Ivan Illich‘s “Deschooling Society” is a classic in the alternative education scene, so I had been meaning to read it for ages and finally did. The book has seven shortish chapters, and is a pretty quick read.
The first chapter, “Why We Must Disestablish School,” is very clearly the strongest one. Illich argues that institutionalized schooling teaches students “to confuse process and substance” – “the pupil is thereby ‘schooled’ to confuse teaching with learning, grade advancement with education, a diploma with competence, and fluency with the ability to say something new.” Illich objects to the dependence on the state which the institutionalization of valuable things, like education, creates. He essentially rejects the ideal that justice requires equality of educational opportunity. Rather, “the poor need funds to enable them to learn, not to get certified for the treatment of their alleged disproportionate deficiencies.”
Illich also eloquently makes the possibly familiar claim that formal public education crowds out private formal or informal education from the market:
“School appropriates the money, men, and good will available for education and in addition discourages other institutions from assuming educational tasks. Work, leisure, politics, city living, and even family life depend on schools for the habits and knowledge they presuppose, instead of becoming themselves the means of education. Simultaneously both schools and the other institutions which depend on them are priced out of the market.”
Then, Illich offers what is somehow at once both a brilliant and ridiculous proposal:
“To make this disestablishment effective, we need a law forbidding discrimination in hiring, voting, or admission to centers of learning based on previous attendance at some curriculum. This guarantee would not exclude performance tests of competence for a function or role, but would remove the present absurd discrimination in favor of the person who learns a given skill with the largest expenditure of public funds or – what is equally likely – has been able to obtain a diploma which has no relation to any useful skill or job. Only by protecting the citizen from being disqualified by anything in his career in school can a constitutional disestablishment of school become psychologically effective.”
Obviously, this is highly impractical and difficult to impossible to enforce. Many skills are not assessable using any kind of competence test (e.g., professor-ing). To choose amongst applicants for these jobs, employers rely in part on letters of recommendation, the value of which depends on who wrote them, the value of whom is inferred by their institution. Even in cases where educational nondiscrimination is desirable and possible (e.g., not requiring a high school diploma for janitorial jobs), it will be quite socially costly to try to detect and remedy violations. So, while we can appreciate the spirit of Illich’s education non-discrimination proposal, it probably wouldn’t be a good thing to try to enact. Much better to allow the market to sort out when educational credentials are a reliable signal and when they are not. Illich would at least agree that the state should get out of the way of this process, such as by discontinuing automatic raises for teachers when they earn master’s degrees that don’t help them to become better teachers.
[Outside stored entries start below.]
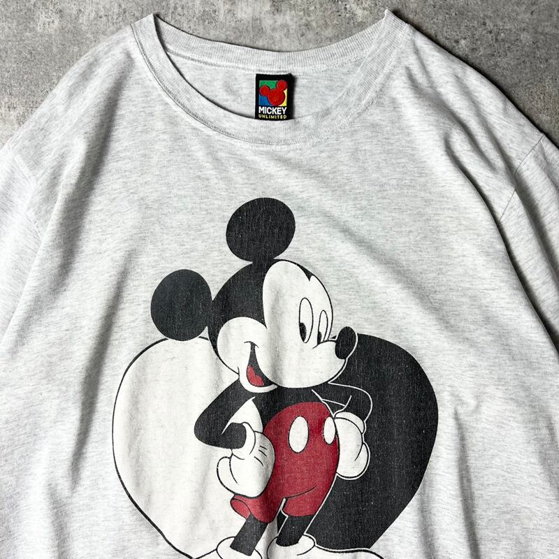 90s ディズニー オフィシャル ミッキー プリント 半袖 Tシャツ / 90年代 オールド 霜降り グレー ミッキーマウス キャラクター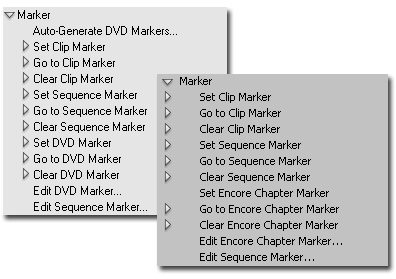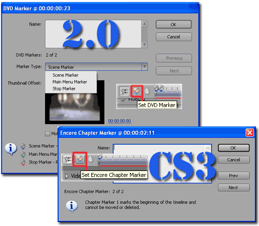 Изменилось роль DVD маркера, а также окно его настроек. Теперь это просто маркер Encore Chapter, и он имеет один цвет синий. Также упразднена команда Auto Generate DVD Markers, которая автоматически расставляла маркеры по заданным параметрам. Видимо, разработчики не захотели дублировать аналогичную команду, существующую в Encore DVD: Timeline>Add Chapter Points at Intervals.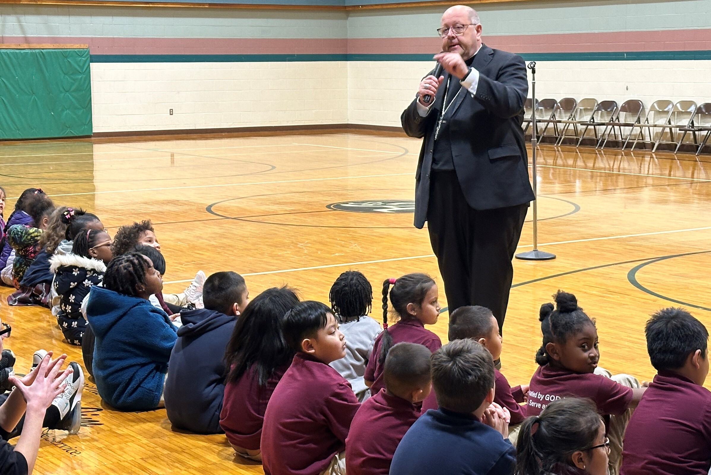 Students moved into the gym, where Bishop Malesic spoke to them briefly.
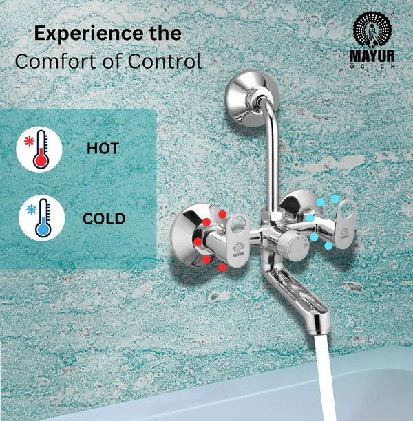 Bring Home MAYUR ÖCICH Brass Wall Mixer Tap with Overhead Shower Arrangement (ORNIX) – where German engineering meets Indian craftsmanship. Designed for durability and elegance, this mixer tap is crafted from premium brass with a mirror-finish chrome plating that resists tarnish and maintains its shine. The dual-handle design ensures smooth control of hot and cold water, while the center-off technology provides double security against leakage. The click sound diversion system adds reliability when switching between spout and shower. With its foam flow aerator for a high-flow splash-free stream, brass quarter-turn ceramic cartridge (tested for 5,00,000 operations), and effortless installation, this wall mixer is the ideal choice for modern bathrooms.

There are really a million things going on in the first chapter. Illich also argues that:
- One major problem with education is that “educators insist on packaging instruction with certification,” but that these purposes are fundamentally at odds with each other.
- Our education system is dependent on the assumption that most learning is the result of teaching, but that is false.
- The licensing of educators has made artificially low the supply of those willing and able to teach genuine skills.
He finishes out the chapter with a proposal that citizens receive their educational due in the form of edu-credits, which could be spent on various educational materials and experiences, outside of any institutionalized school. The state’s role would basically be limited to funding this endeavor and to helping to match learners with other learners and with materials.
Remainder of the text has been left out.